Question

In the figure shown below, $m_a=3\text{kg}$ and $m_b=1\text{kg}$. String is inextensible and light. Find the acceleration of centre of mass of the system.

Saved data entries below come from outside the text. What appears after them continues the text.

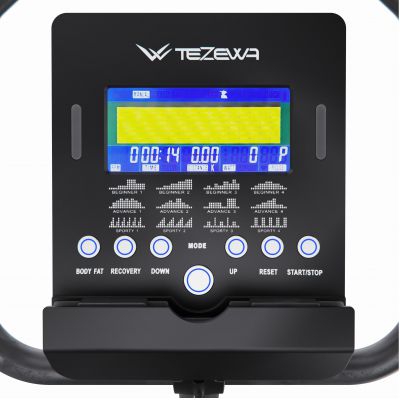 На встроенном LCD-дисплее с синей подсветкой отображаются все важные параметры тренировки: время, скорость, дистанция, калории, пульс (сенсорные датчики на поручнях), обороты в минуту (RPM), а также мощность в ваттах. Это делает тренировки максимально контролируемыми и эффективными.
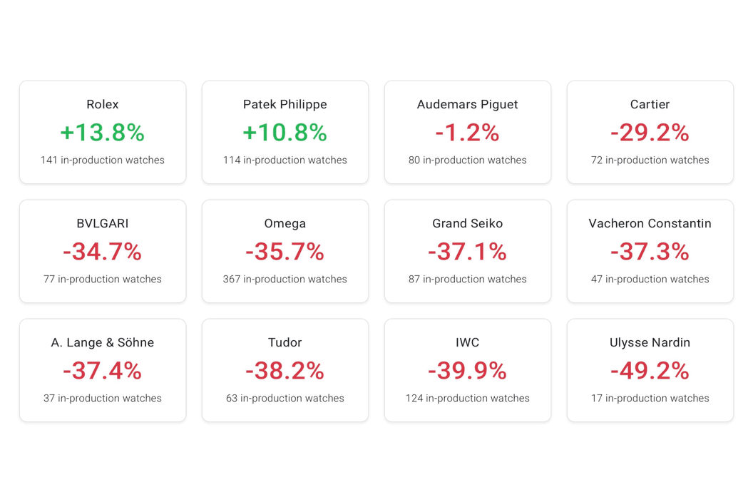 Udržení hodnoty vzorku modelů podle značky; (zdroj: WatchCharts)
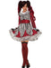 • Wreak all kinds of havoc this Halloween while dressed in the Miss Mischief Female Clown Womens Costume! This fun clown costume is designed in the color scheme of a Parisian mime, with its black and white stripes and its crimson red aesthetic. With your purchase, you will receive a beautiful striped and polka-dotted dress, a matching red belt, a frilly white collar with black trim, and knee ties. Pair this beautiful clown costume with a matching red and black wig and some fun mime-like face make-up from our site, and you'll be ready for whatever the night throws your way. Team up with your other clown friends this year, and you can really give the party a fun and entertaining show when you all arrive. Buy your mischievous clown costume today, and go make this Halloween a real hoot and a holler of a time!
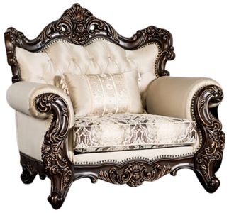 The Furniture of America® Palencia Beige/Dark Cherry Chair offers a blend of comfort and sophistication. Featuring a sturdy dark cherry frame and soft beige upholstery, this chair provides durable support and a cozy seating experience, making it an ideal choice for enhancing any room's decor.Read More

• A. $-\frac{g}{4}\hat{i}{\text{m/s}}^2$
• B. $-\frac{g}{2}\hat{j}{\text{m/s}}^2$
• C. $-\frac{g}{4}\hat{j}{\text{m/s}}^2$
• D. $\frac{g}{6}\hat{j}{\text{m/s}}^2$

Answer 1

The correct option is C $-\frac{g}{4}\hat{j}{\text{m/s}}^2$


From F.B.D of block $a$
$m_{a}g-T=m_{a}a$
$3g-T=3a\dots \dots \left(i\right)$
For block $b$
$T-m_{b}g=m_{b}a$
$T-g=a\dots \dots \left(ii\right)$
Adding $\left(i\right)$ and $\left(ii\right)$
$2g=4a\Rightarrow a=\frac{g}{2}{\text{m/s}}^2$
$a_a=\text{acc. of}3\text{kg is}\frac{g}{2}$ (downwards)
$=-\frac{g}{2}\hat{j}{\text{m/s}}^2$
$a_b=\text{acc. of}1\text{kg is}\frac{g}{2}$ (upwards)
$=\frac{g}{2}\hat{j}{\text{m/s}}^2$
$a_{\text{com}}=\frac{m_a{a}_a+m_b{a}_b}{m_a+m_b}\Rightarrow \frac{3\times -\frac{g}{2}\hat{j}+1\times \frac{g}{2}\hat{j}}{3+1}$
$a_{\text{com}}=-\frac{g}{4}\hat{j}{\text{m/s}}^2$ (downwards)